Tue Dec 5 06:55:30 PST 2017

On Tue, Dec 05, 2017 at 11:06:20AM +0000, Mark Rutland wrote:
> On Tue, Dec 05, 2017 at 10:30:40AM +0530, Vinayak Menon wrote:
> > On 12/4/2017 11:30 PM, Mark Rutland wrote:
> > > On Mon, Dec 04, 2017 at 04:55:33PM +0000, Will Deacon wrote:
> > >> On Mon, Dec 04, 2017 at 09:53:26PM +0530, Vinayak Menon wrote:
> > >>> A case is observed where a wrong physical address is read,
> > >>> resulting in a bus error and that happens soon after TTBR0 is
> > >>> set to the saved ttbr by uaccess_ttbr0_enable. This is always
> > >>> seen to happen in the exit path of the task.
> > >>>
> > >>> exception
> > >>> __arch_copy_from_user
> > >>> __copy_from_user
> > >>> probe_kernel_read
> > >>> get_freepointer_safe
> > >>> slab_alloc_node
> > >>> slab_alloc
> > >>> kmem_cache_alloc
> > >>> kmem_cache_zalloc
> > >>> fill_pool
> > >>> __debug_object_init
> > >>> debug_object_init
> > >>> rcuhead_fixup_activate
> > >>> debug_object_fixup
> > >>> debug_object_activate
> > >>> debug_rcu_head_queue
> > >>> __call_rcu
> > >>> ep_remove
> > >>> eventpoll_release_file
> > >>> __fput
> > >>> ____fput
> > >>> task_work_run
> > >>> do_exit
> > >>>
> > >>> The mm has been released and the pgd is freed, but probe_kernel_read
> > >>> invoked from slub results in call to __arch_copy_from_user. At the
> > >>> entry to __arch_copy_from_user, when SW PAN is enabled, this results
> > >>> in stale value being set to ttbr0. May be a speculative fetch aftwerwards
> > >>> is resulting in invalid physical address access.
> 
> > > I think the problem here is that switch_mm() avoids updating the saved ttbr
> > > value when the next mm is init_mm.
> 
> > For this switch to happen, the schedule() in do_task_dead at the end
> > of do_exit() need to be called, right ?  The issue is happening soon
> > after exit_mm (probably from exit_files).
> 
> I'd assumed that we'd switch_mm() away from the task's mm prior to the
> final mmput(). Otherwise, I can't see why we don't have issues in the
> non SW PAN case (as that would leave the HW TTBR0 stale).
> 
> However, I can't see exactly where we do that, so I'll go diggging.
> Something doesn't seem quite right.
> 
> Do you have a reproducer for the issue?

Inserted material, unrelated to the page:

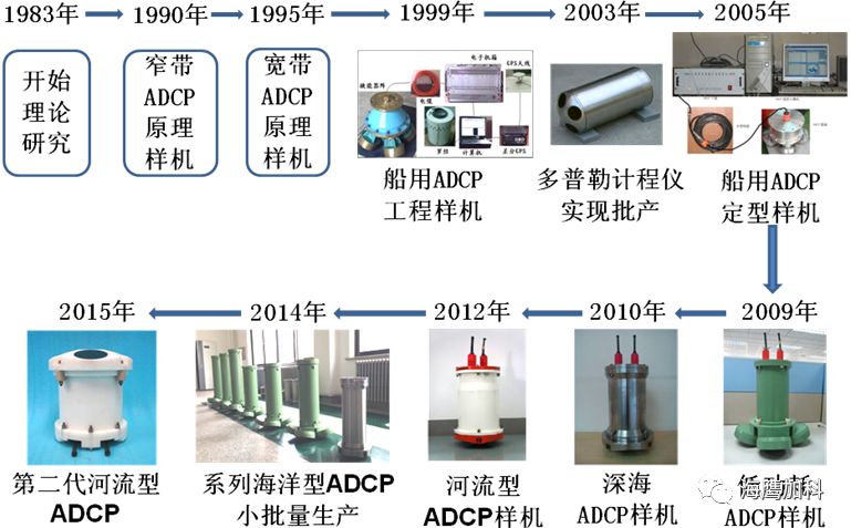 中国科学院声学研究所自20世纪八十年代开始研究声学多普勒测流测速技术,是国内研制ADCP的先驱。该所已经形成工作频率覆盖75kHz、150kHz、300kHz、600kHz和1200kHz,工作水深覆盖全海深(从水面到11000m)的系列ADCP和DVL产品,包含SC自容式型、DR直读式型和RIV河流型ADCP和DVLII型多普勒速度仪,且已在全球大洋和南北极实现应用。 0 U) _ {3 W, a/ X( O5 i$ L7 @

I'd be very interested in that, or just more details about how this was
observed. What was the workload? Kernel version? Hardware? .config? Do you
know for sure that it was a page table walk that triggered the abort?

In the report above, Vinayak claims that "The mm has been released and the
pgd is freed" but that really shouldn't happen in the do_exit path. We free
the other levels of page table in free_pgtables, but deliberately keep the
mm and the pgd around until we've switched away in finish_task_switch.

I'm quite prepared to believe that the ttbr0 stashing by the SW PAN code
isn't bulletproof, but I'm struggling to see how the backtrace above
can happen.

Will